# Was ist mit dem Team 2013?



## c0rtez (20. Juli 2012)

Hallo zusammen (speziell die Radon Vertreter hier),

ich beobachte auf Facebook mit Spannung die neuen Bilder.
So ziemlich jedes Model wurde schon gezeigt, aber was ist mit dem Team?

Und... sehr viele 29er... hat das was zu bedeuten? Geht Radon jetzt stark auf den 29er Markt?

Ich persönlich mag die Dinger mal gar nicht, aber jedem das sein


----------



## c0rtez (22. Juli 2012)

Sind die Leute von Radon hier nicht mehr aktiv?
War gerade mal bei Radon-Bonn auf der Profilseite, der war schon ewig nicht mehr hier...


----------



## MTB-News.de




----------



## DannyCalifornia (22. Juli 2012)

Radon-Bonn meldet sich auch nicht mehr, seit es damals diesen Eklat gab  Aber ein anderer Mitarbeiter bzw. zumindest ist es ein anderer Forums-Acc.


----------



## c0rtez (22. Juli 2012)

DannyCalifornia schrieb:


> Radon-Bonn meldet sich auch nicht mehr, seit es damals diesen Eklat gab  Aber ein anderer Mitarbeiter bzw. zumindest ist es ein anderer Forums-Acc.



was für ein Eklat?


----------



## DannyCalifornia (22. Juli 2012)

Irgendwie gabs hier n Flamewar zwischen ihm und einem (oder warens mehrere? weiß nicht mehr genau) User. Ich kann mich nicht mehr richtig erinnern, aber er hat sich, wenn ich mich recht erinnere irgendwann etwas im Ton vergriffen, nachdem er vorher mehrfach gereizt und beleidigt worden ist. Alle Angaben ohne Gewähr! Ist nämlich schon ne Weile her und ich erinner mich nicht mehr richtig


----------



## cubation (22. Juli 2012)

... denk vielleicht auch daran, dass wir Wochenende haben  


Thomas


----------



## c0rtez (28. Juli 2012)

cubation schrieb:


> ... denk vielleicht auch daran, dass wir Wochenende haben
> 
> 
> Thomas



jetzt waren aber jawohl genug Werktage da

gesendet via Tapatalk (Samsung Galaxy S3)


----------



## Radon-Bikes (30. Juli 2012)

Hallo,

wir sind noch da  Der Thread muss uns durch die Lappen gegangen sein.
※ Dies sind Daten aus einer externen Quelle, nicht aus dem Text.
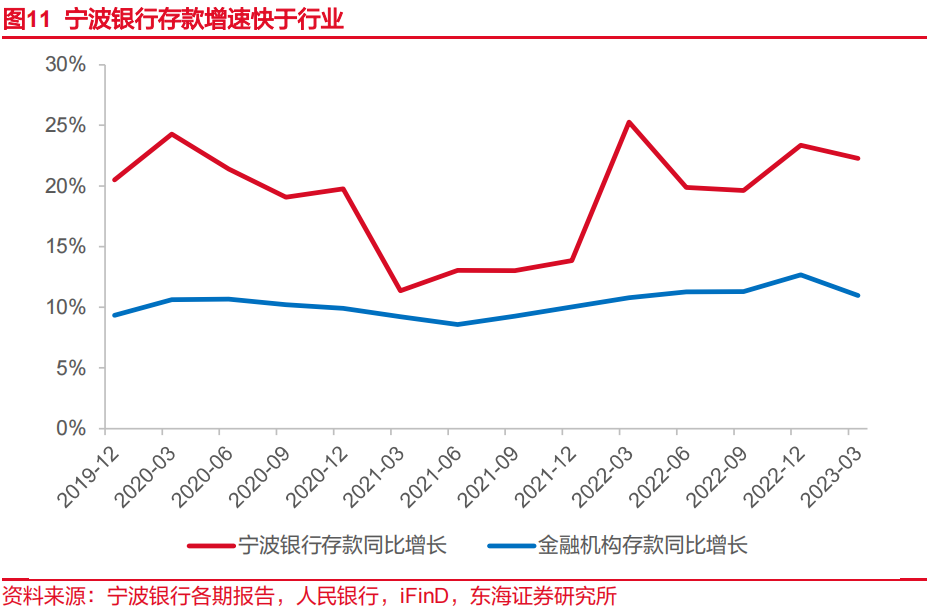 近年公司存款拓展力度大、效果良好,2023年Q1公司存款规模同比增长22.27%,奠定全年存款高增长基础,假设2023年存款同比增长18%。2024-2025年,假定存贷比基本稳定,存款分别同比增长12.30%、11.40%。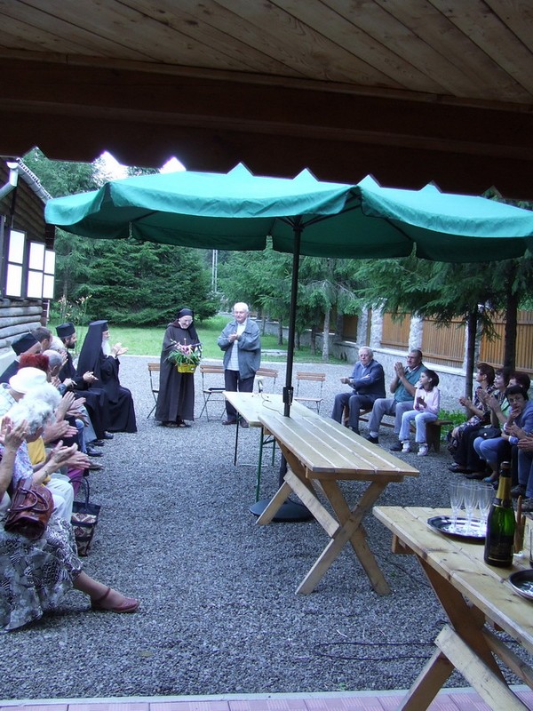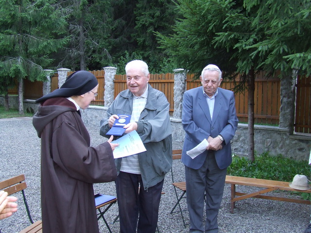 În asistenţă s-a găsit şi un grup venit din Târgu Mureş, pentru următorul moment festiv din programul zilei, desfăşurat, de data aceasta în foişorul din preajma bisericii schitului: înmânarea Diplomei de onoare „Prieten al Comunităţilor Evreieşti din România” Maicii Éliane, stareţa Schitului „Sfânta Cruce”, din partea Federaţiei Comunităţilor Evreieşti din România, prin reprezentanţii săi mureşeni. Această decernare a fost motivată astfel în textul brevetului: „Activitatea susţinută în cadrul Fraternităţii «Sfântul Ilie», orientată spre cunoaşterea legăturii spirituale între evrei şi creştini, în respect faţă de valorile iudaismului; dezvoltarea relaţiilor spirituale cu evreii, implicarea în combaterea antisemitismului şi negaţionismului Holocaustului; sprijinul acordat la realizarea lucrării «În memoria celor 5493 de evrei din Târgu Mureş, ucişi în Şoah»; ataşamentul faţă de Comunitatea Evreilor din Târgu Mureş, prin participarea reciprocă la programele şi ceremoniile organizate”. Maica Éliane a subliniat că în centrul îndemnurilor Regulii Carmelului se află Dt 6,5 – „Să-L iubeşti pe Domnul Dumnezeul tău din toate puterile tale” – care face parte din Shema, rugăciune anterioară erei creştine, pe care evreii evlavioşi o recită de două ori pe zi, seara şi dimineaţa, crez fundamental al iudaismului. Dt 6,5, citat frecvent de Părinţii Bisericii, text esenţial pentru Israel, este, la fel, esenţial şi pentru tradiţia carmelitană. Întemeierea primilor călugări, operă care a fost mult timp considerată ca regulă primară, îl prezintă ca „primul dintre toate preceptele”. Dt 6,5 ocupă un loc central în opera Sfântului Ioan al Crucii, care scrie: „Aceste cuvinte cuprind tot ceea ce omul spiritual trebuie să facă şi tot ceea ce eu am a-l învăţa pentru a se apropia de Dumnezeu prin unirea voinţei, cu ajutorul iubirii”. Evreii şi creştini sunt uniţi în acest Shema pentru viaţa tuturor.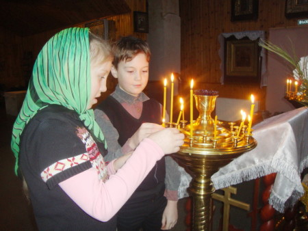 Многие дети в храме были впервые. Им рассказали, как правильно возжигать свечу, креститься и молиться у икон.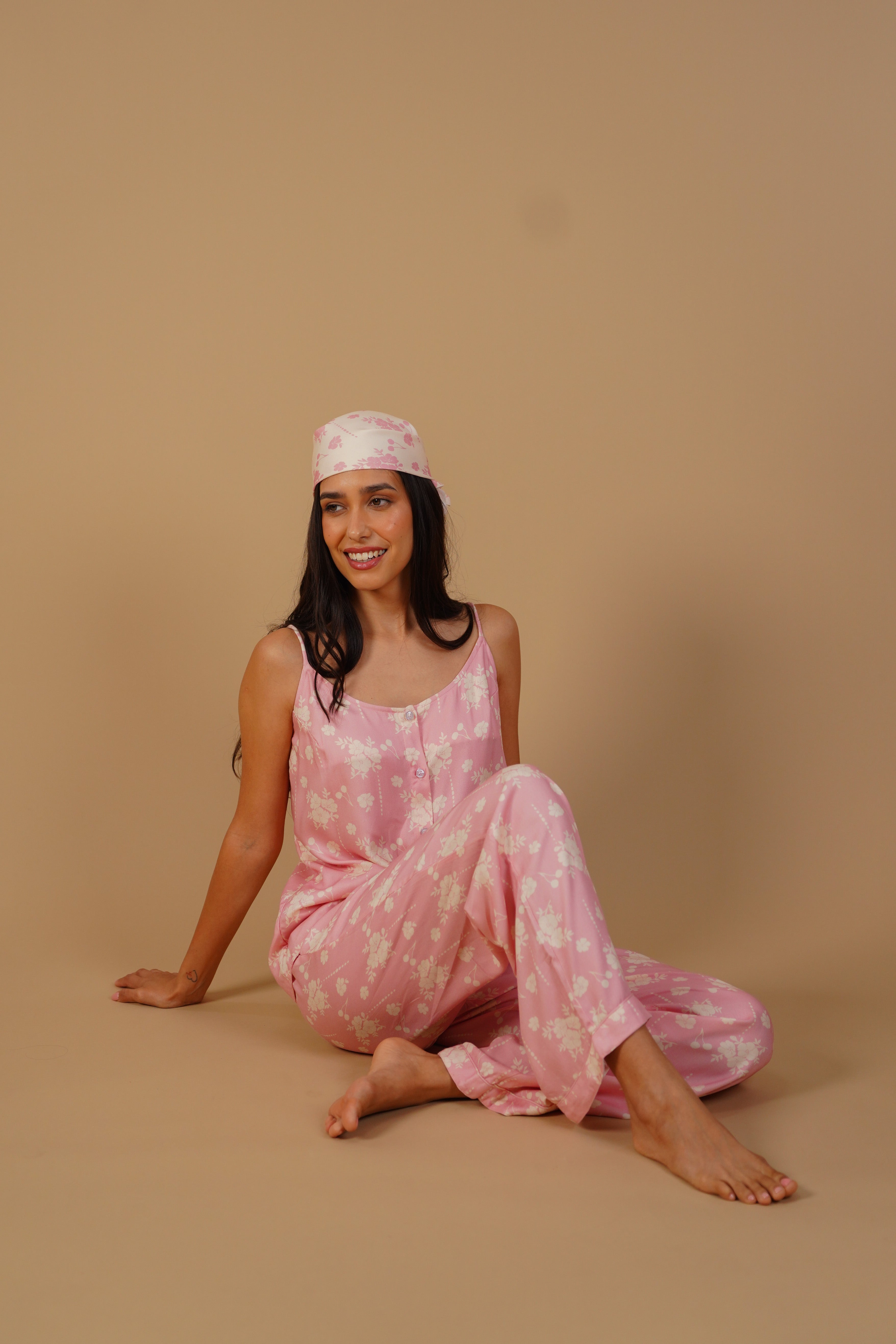 Pink Blossom Floral Printed Viscose Twill Women's Pajama Set - Sleeveless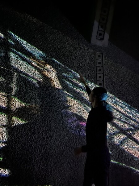 夜。真っ暗な廊下で実験の時間です。前回、クヌギの写真を壁に投影し、その前で踊る中村さんの姿を、今井さんが撮りました。その写真を壁面に投影しながら、中村さんがまた踊る。冬至のクヌギと年明けの中村さんとその影、そして今日の中村さんとその影が、闇の中で混在しています。その様子をまたまた今井さんが撮る。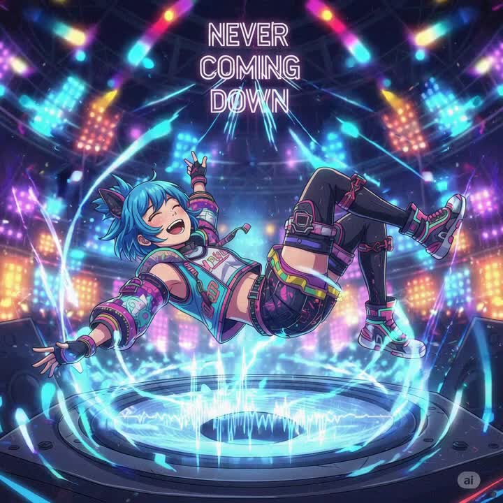 pulsating beats at breakneck speeds, driven by a powerful, thumping kick, Euphoric, synth-heavy melodies intertwine with high pitched anime female vocals delivering catchy, feel-good lyrics, It's high-energy, rave-ready electronic music designed to make you jump and smile, with a distinct blend of hard dance aggression and uplifting pop sensibilities, vibrant, digital soundscapes, high-energy, often vocal-driven, happy hardcore and UK hard dance music, characterized by fast tempos, uplifting melodies, catchy high pitched anime female vocals, and prominent kick drums, Lyrical themes frequently revolve around internet culture, video games, and positive vibes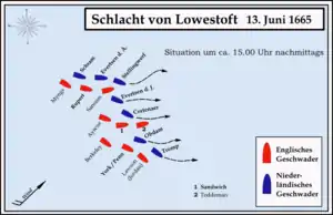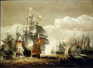 ![]() The Battle of Lowestoft, 13 June 1665, showing HMS Royal Charles and the Eendracht by, painted c. 1665 | |||
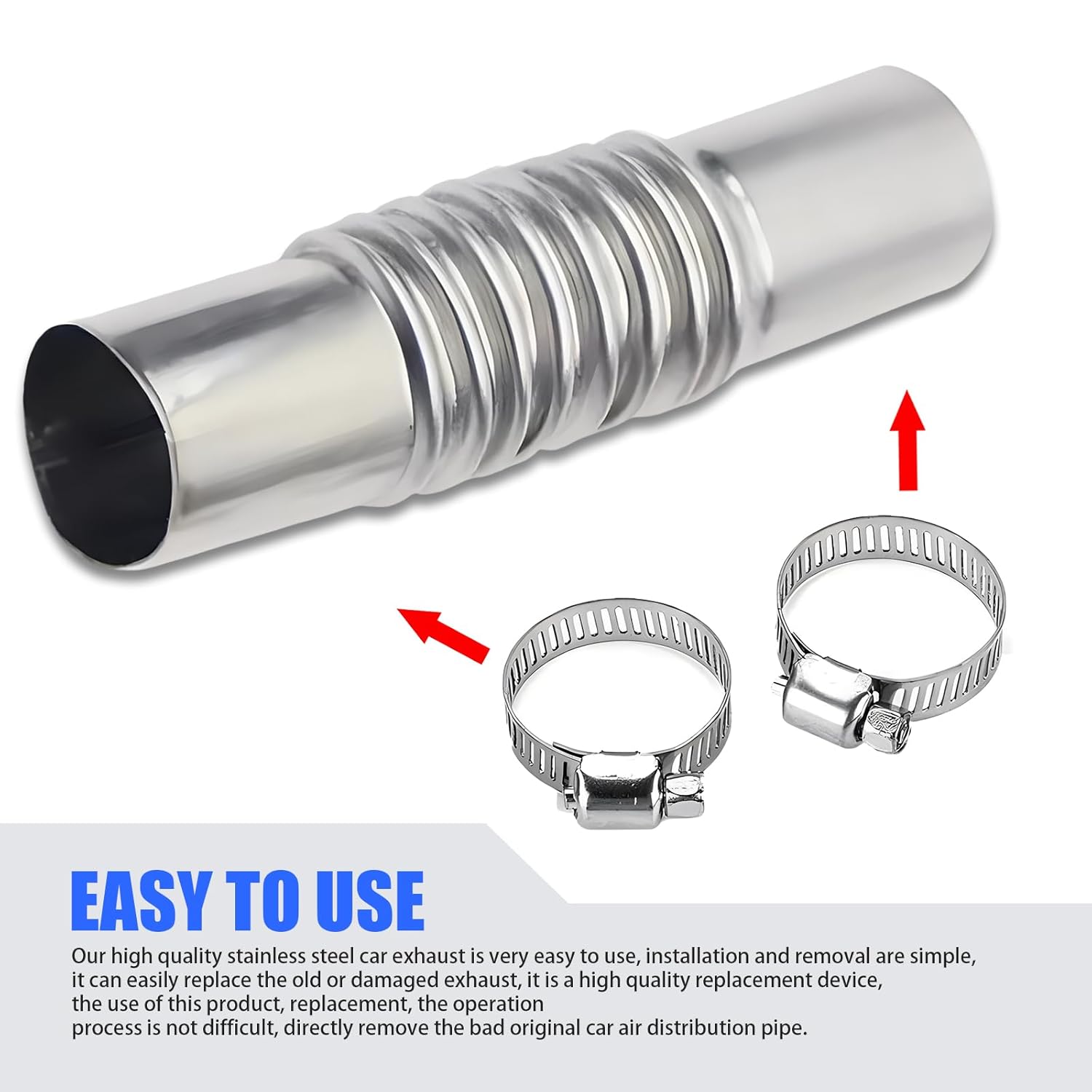 Conector de tubo de escapamento para carro, com 5,1 polegadas de comprimento, feito de metal flexível e corrugado. Inclui grampos para instalação segura. Ideal como substituição universal para sistemas de escapamento de veículos a diesel, incluindo barcos. Oferece durabilidade e resistência a altas temperaturas, garantindo um desempenho eficiente e prolongando a vida útil do sistema de escapamento. Fácil de instalar e compatível com diversas aplicações.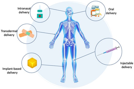 Drug carriers are biologically safe tools for transporting molecules for nutraceutical, pharmaceutical, and cosmetic applications, i.e., in fields of high industrial and scientific interest. According to the report Drug Delivery Systems Market Size, Share and COVID-19 Impact Analysis (Report ID: FBI103070), the global drug delivery systems market size was valued at USD 39.33 billion in 2022 and is projected to grow to USD 71.75 billion by 2029, exhibiting a compound annual growth rate of 9.0%. Only in North America, this market was valued at USD 14.15 billion in 2021. These costs are associated with the need for high financial outlays for research and investment. An estimated 10,000 molecules are generally rejected before one is selected as marketable [1,2]. In recent years, increasing emphasis has been given to using polymeric or composite materials as carriers for active substances, attempting to develop a biomaterial that will carry a therapeutic effect at a specific location in the organism. The reason for this is that the total therapeutic benefit of a drug or other active substance is not proportional to its potency in vitro. Under physiological conditions, active substances meet several barriers, such as aggregation, insolubility, degradation, or impermeability of vascular endothelial cell layers, which are responsible for the drug’s short half-life in vivo as well as non-specific distribution in tissues or poor tissue penetration. Consequently, there is a risk of adverse effects, such as immunogenicity and off-target toxicity [3,4]. The main goal of designing biomaterials for active substance delivery is to release pharmacologically active biomolecules for specific drug action at an optimal rate and dose. Thus, it is possible to personalize such a system, adapting it to the needs of a particular patient (taking into account his/her gender, height, and age) [5]. There are many methods of delivering drugs and active biomolecules, not only orally, but also transdermally or inhaled (Figure 1). However, in the case of bone regeneration, the subject of this review, innovative composites and matrices (i.e., implants) or injectable delivery systems have the most significant potential [6].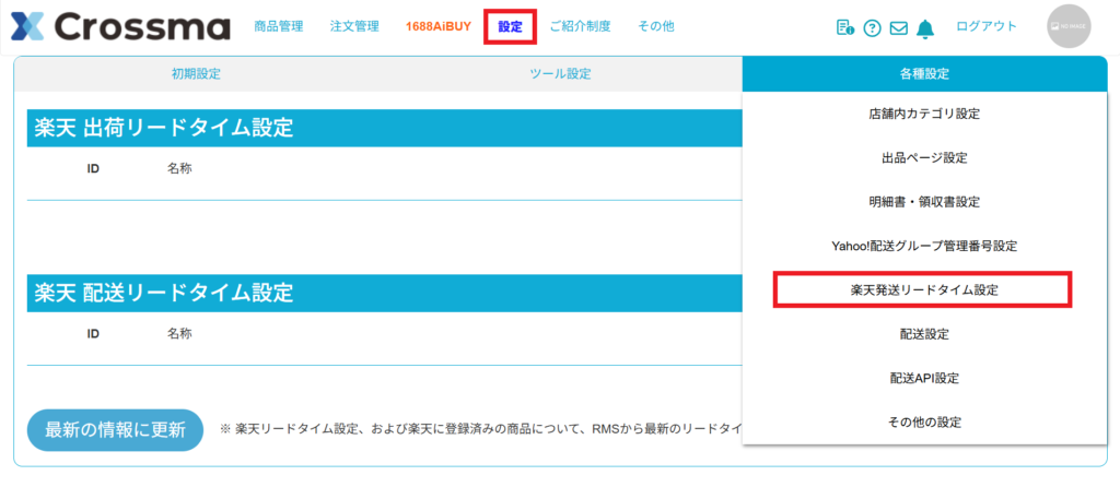 クロスマでは「最新の情報に更新」を実行いただくことで、楽天リードタイム設定に登録済みの商品について、RMSから最新のリードタイム情報を取得します。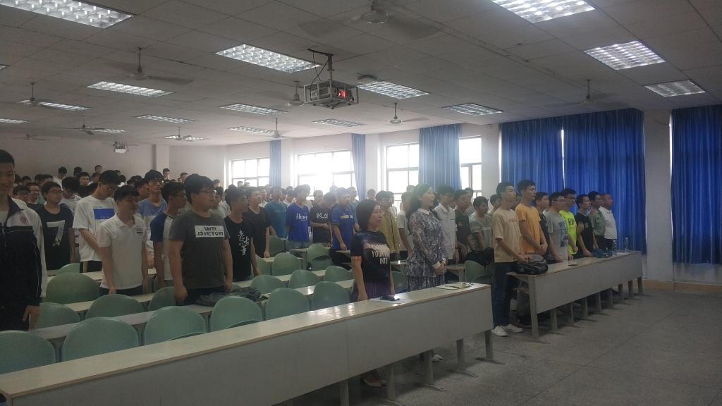 大会上,首先大家全体起立,齐唱国歌。国歌结束后,由汪先利老师作征兵宣传讲座,对大学生征兵工作进行了政策解读,对学习、就业、经济补助等方面政策进行了详细的解释说明。他还指出,在部队大熔炉里,既可以锻炼当代大学生的家国情怀、责任担当、勇挑重担、吃苦耐劳的意志品质,又可以培养锐意创新、与时俱进、勤奋学习、勇创一流的精神风貌;既可以光荣就业,体验部队生活,丰富人生经历,又有助于养成雷厉风行、严谨细致的工作作风。接着李睿发表讲话,讲到参军入伍是每一位公民应尽的责任与义务。就大学生而言,参军更是一件有荣光的可喜之事。会议最后,杨柳松为大家分享了自己的军营生活,号召大家积极参与征兵报名,为祖国的国防事业做出自己的一份贡献。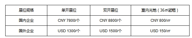 注:1、標(biāo)準(zhǔn)展位:高2.5米,提供三面圍板、中文楣板制作、洽談桌一張、折椅兩把、射燈兩只、10A/220V插座一個;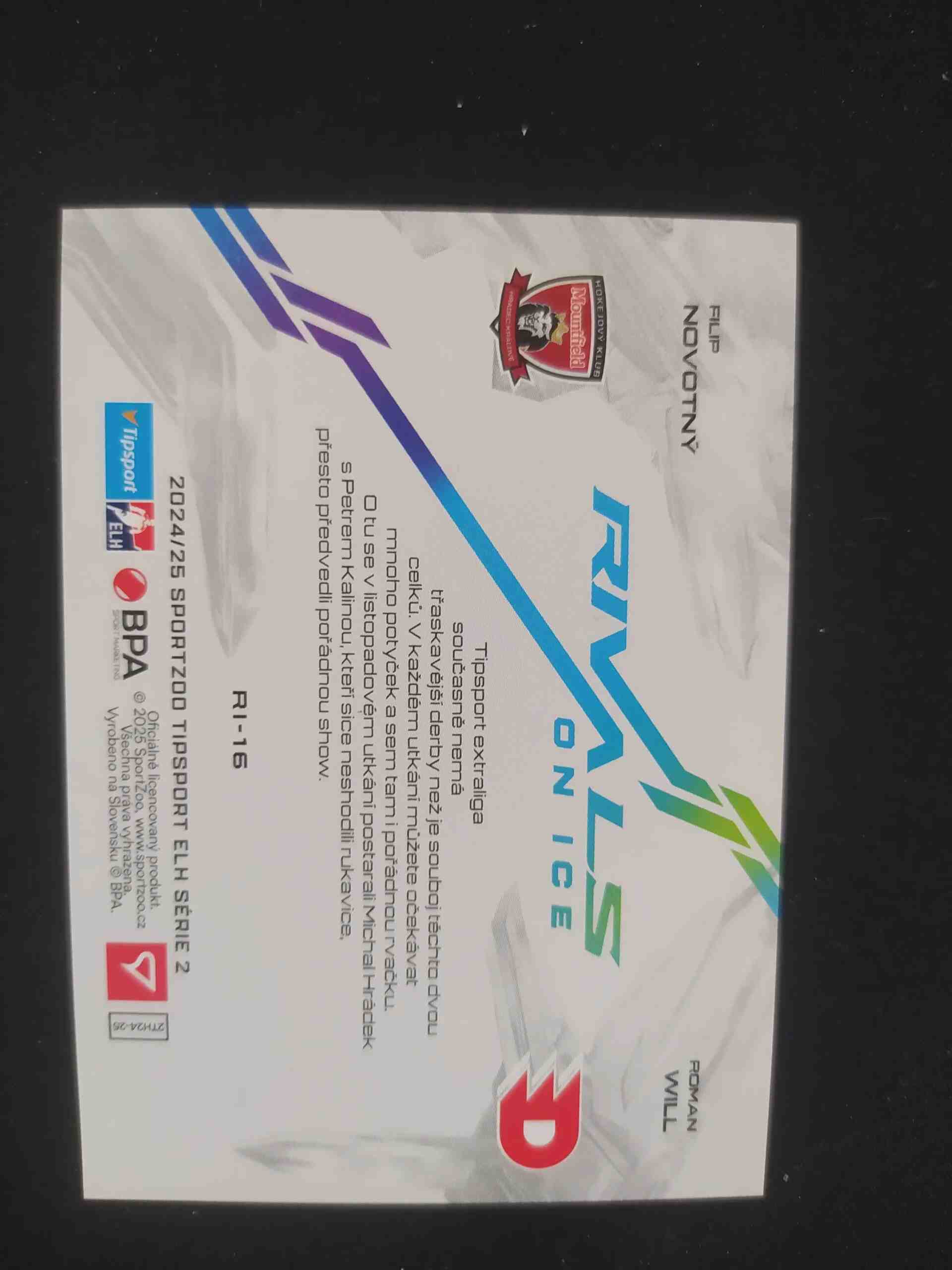 Sběratelská karta 2024/2025 Sportzoo Serie 2 Rivals on Ice RI-16 Filip Novotný | Roman Will Inzert

Also: Alle konkreten Details und Infos zu den neuen Räder erfahrt Ihr zur Eurobike. Die ist Ende August, also gar nicht mehr soo lange hin. Aber schaut auch regelmäßig auf unsere Webseite. Dort werden wir mit Sicherheit noch das ein oder andere Detail veröffentlichen. Und Fotos gibts leider erst, wenn die Räder fertig sind.

Viele Grüße!


----------



## trialelmi (31. Juli 2012)

Oder auf fb gucken, da sind die auch vertreten.


----------



## c0rtez (31. Juli 2012)

trialelmi schrieb:


> Oder auf fb gucken, da sind die auch vertreten.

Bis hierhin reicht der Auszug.